# InternetFirewallSupervisedLearning
## Author: Tijs van Lieshout

Predicting the Internet Firewall action based on log info. Supervised Learning Assignment for Master DSLS.

### Data availability:
- [Direct link](https://archive.ics.uci.edu/ml/machine-learning-databases/00542/log2.csv)
- [Archive link with some info](https://archive.ics.uci.edu/ml/datasets/Internet+Firewall+Data)
- [F. Ertam and M. Kaya, "Classification of firewall log files with multiclass support vector machine," 2018 6th International Symposium on Digital Forensic and Security (ISDFS), 2018, pp. 1-4, doi: 10.1109/ISDFS.2018.8355382.](https://doi.org/10.1109/ISDFS.2018.8355382)

Table 1. Features and Description. Adapted from Ertam & Kaya, 2018.

|        Feature       |                  Description                 |
|:--------------------:|:--------------------------------------------:|
| Source Port          | Client Source Port                           |
| Destination Port     | Client Destination Port                      |
| NAT Source Port      | Network Address Translation Source Port      |
| NAT Destination Port | Network Address Translation Destination Port |
| Elapsed Time (sec)   | Elapsed Time for flow                        |
| Bytes                | Total Bytes                                  |
| Bytes Sent           | Bytes Sent                                   |
| Bytes Received       | Bytes Received                               |
| Packets              | Total Packets                                |
| pkts_sent            | Packets Sent                                 |
| pkts_received        | Packets Received                             |
| Action               | Class (allow, deny, drop, reset-both)        |

Table 2. Classes to predict (Actions). Adapted from Ertam & Kaya, 2018.

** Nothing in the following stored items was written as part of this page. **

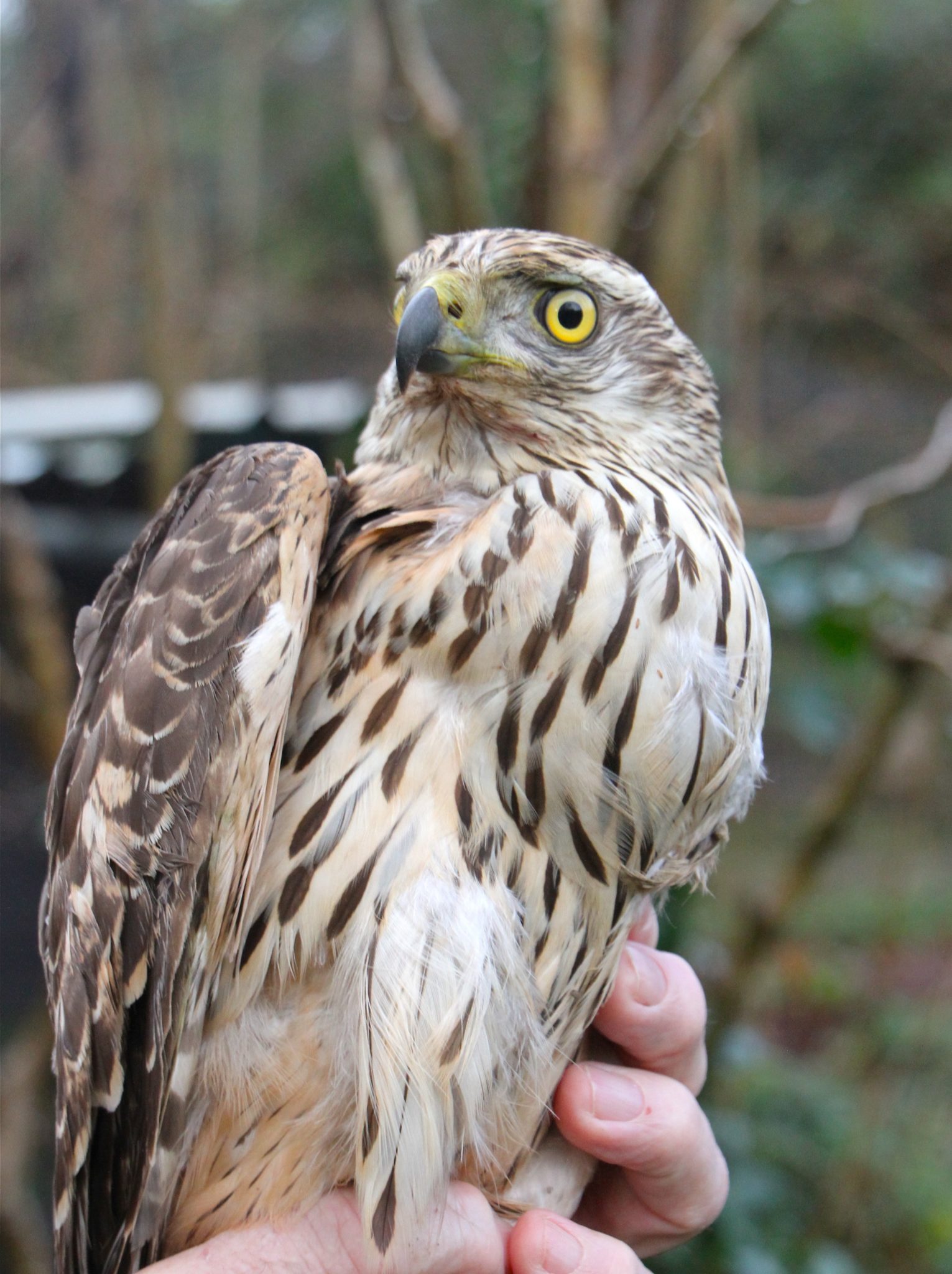1st winter female goshawk captured in a chicken coop near Murton yesterday. No evidence of previous captivity (scarce as a breeder in Gower) and assumed to be locally-bred bird. Under weight (albeit it was eating a bantam when discovered), and taken to Gower Bird Hospital for rehabilitation. Photo courtesy of Keith Vaughton.
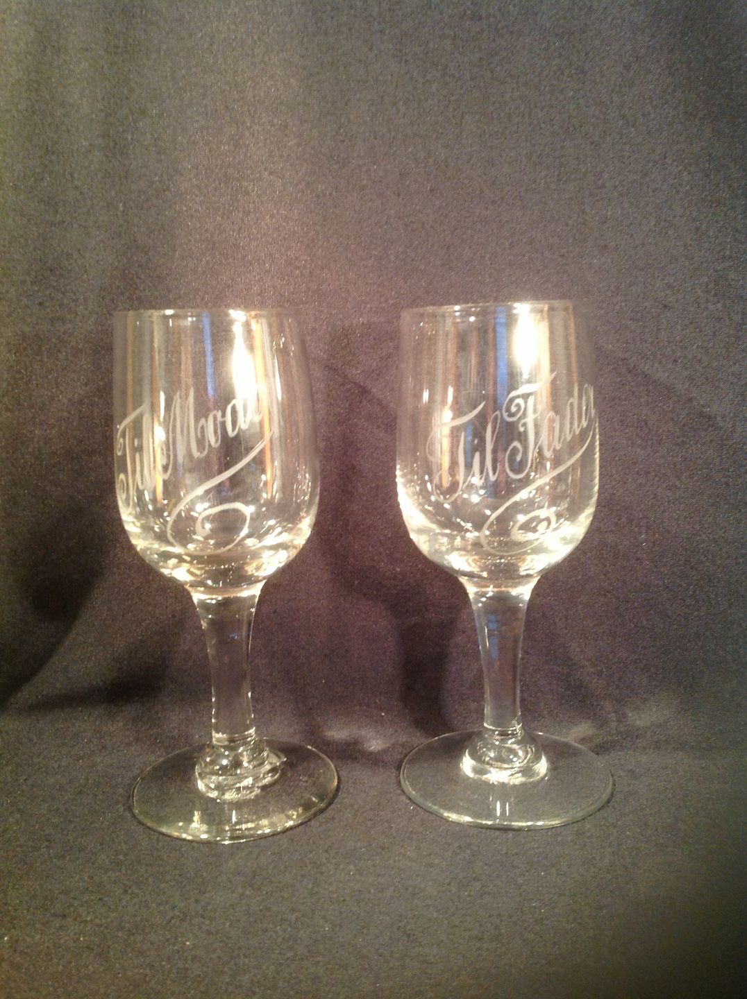 Afsprængt Schüssel auf glatten Stiel. auf dem Becken mit gravering.Til Vater, für Mutter.
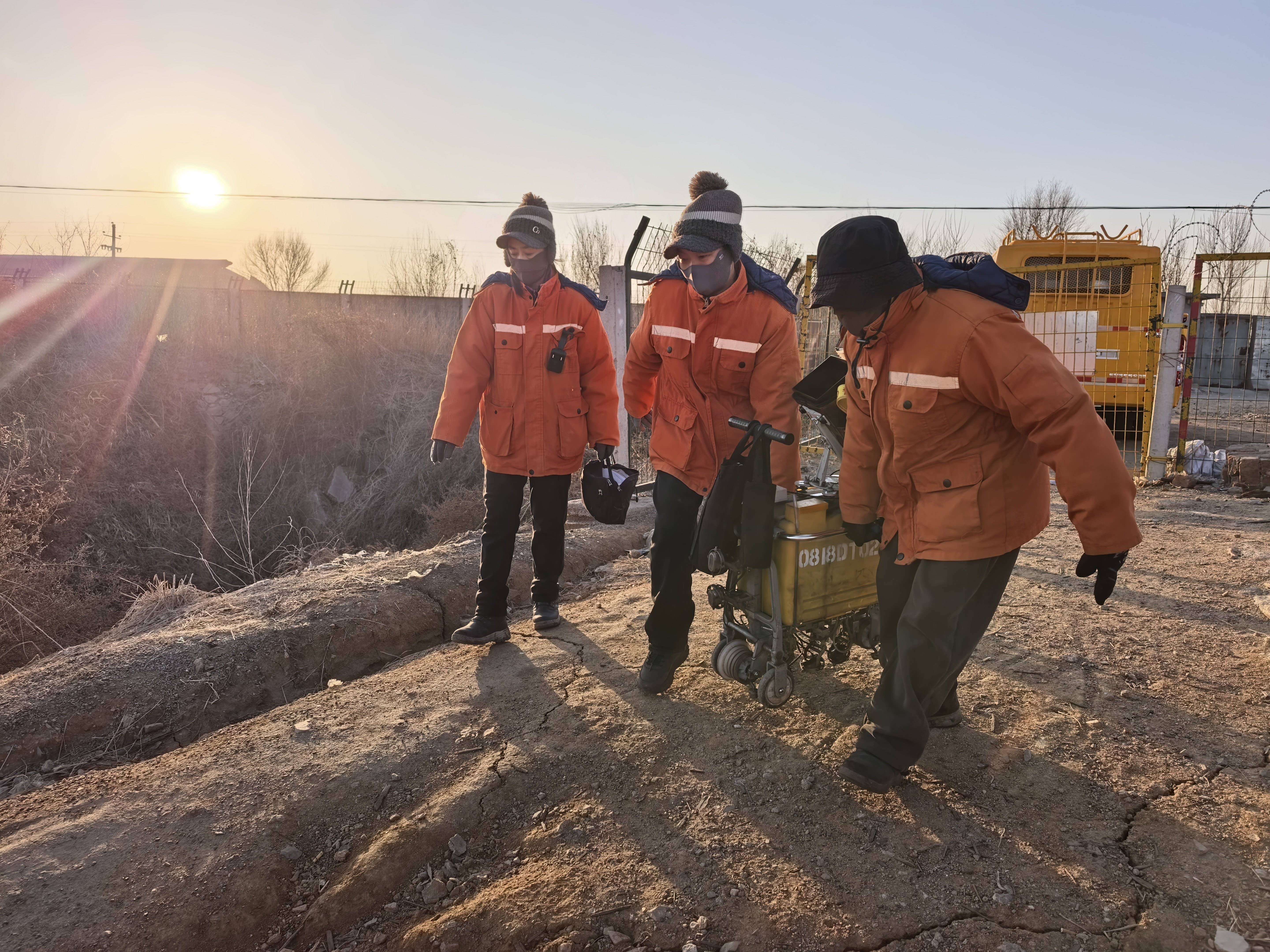 戴上口罩、帽子,队员们把自己裹得严严实实。早晨七点半,队员们合力将重达50余公斤的探伤仪抬上作业车,向着柳村南一场驶去。户外的风迎面扑来,脸被刮得生疼,手指难展,可班长霍智慧却说:“最近天气回暖,今天这天气算好的了。”
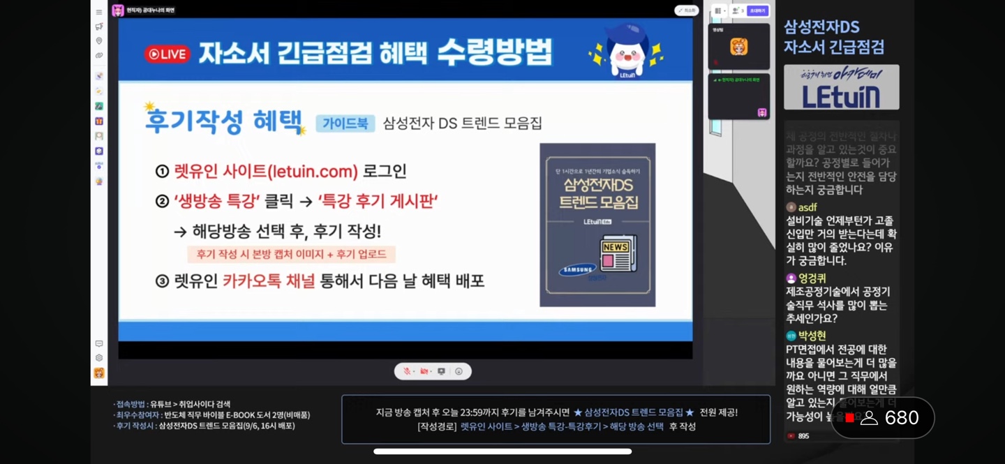 렛유인 생방송 취업특강
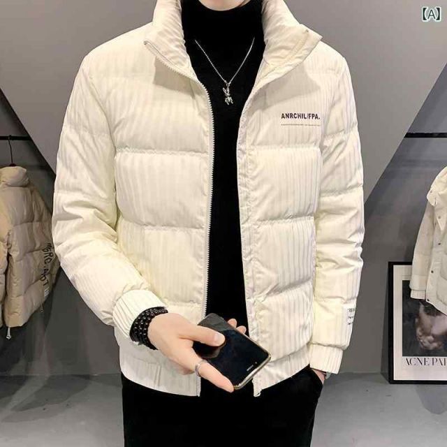 L 秋冬 コーデ メンズ 服 シンプル ファッション オシャレ 大人 かっこいい 大きいサイズ ストリート 紳士服 ストライプ スタンド ダウン ジャケット 韓国スタイル スリムフィット 軽 暖かい ホワイトダックダウン

|   Action   |                                                               Description                                                              |
|:----------:|:--------------------------------------------------------------------------------------------------------------------------------------:|
| Allow      | Allows the internet traffic.                                                                                                           |
| Deny       | Blocks traffic and enforces the default Deny Action defined for the application that is being denied.                                  |
| Drop       | Silently drops the traffic; for an application, it overrides the default deny action. A TCP reset is not sent to the host/application. |
| Reset-Both | Sends a TCP reset to both the client-side and server-sidedevices.                                                                      |



In [None]:
import pandas as pd
import numpy as np
import seaborn as sns
import matplotlib.pyplot as plt
%matplotlib inline

In [None]:
df = pd.read_csv("log2.csv")
df

In [None]:
df.info()

In [None]:
allow, deny, drop, reset_both = df['Action'].value_counts()
print('Number of allowed logs: ', allow)  
print('Number of denied logs: ', deny)
print('Number of dropped logs: ', drop)  
print('Number of reset-both logs: ', reset_both) 

print('\n')
print('% of allowed logs', round(allow / len(df) * 100, 1), '%')
print('% of denied logs', round(deny / len(df) * 100, 1), '%')
print('% of dropped logs', round(drop / len(df) * 100, 1), '%')
print('% of reset-both logs', round(reset_both / len(df) * 100, 1), '%')

In [None]:
df['Action'].value_counts().plot(kind='barh')

Pretty unbalanced classes to predict unfortunately. Might run in some problems with the reset-both class later on. SMOTE could be used, but in this case I won't attempt it (out of the scope of this assignment).

In [None]:
# missing data
df.isnull().sum() 
# no missing data, no imputation needed

In [None]:
description = df.groupby(['Action']).describe()

In [None]:
c = df.corr().abs()
sns.heatmap(c, cmap=sns.color_palette("Blues", as_cmap=True))

'Bytes Sent', 'Bytes Received', 'pkts_sent' and 'pkts_received' can be discarded as Bytes and Packets are the total of the two pairs respectively.

I am also going to discard packets for bytes as it is highly correlated. I'll keep Bytes since it is more detailed than packets (1 packet consists of multiple bytes)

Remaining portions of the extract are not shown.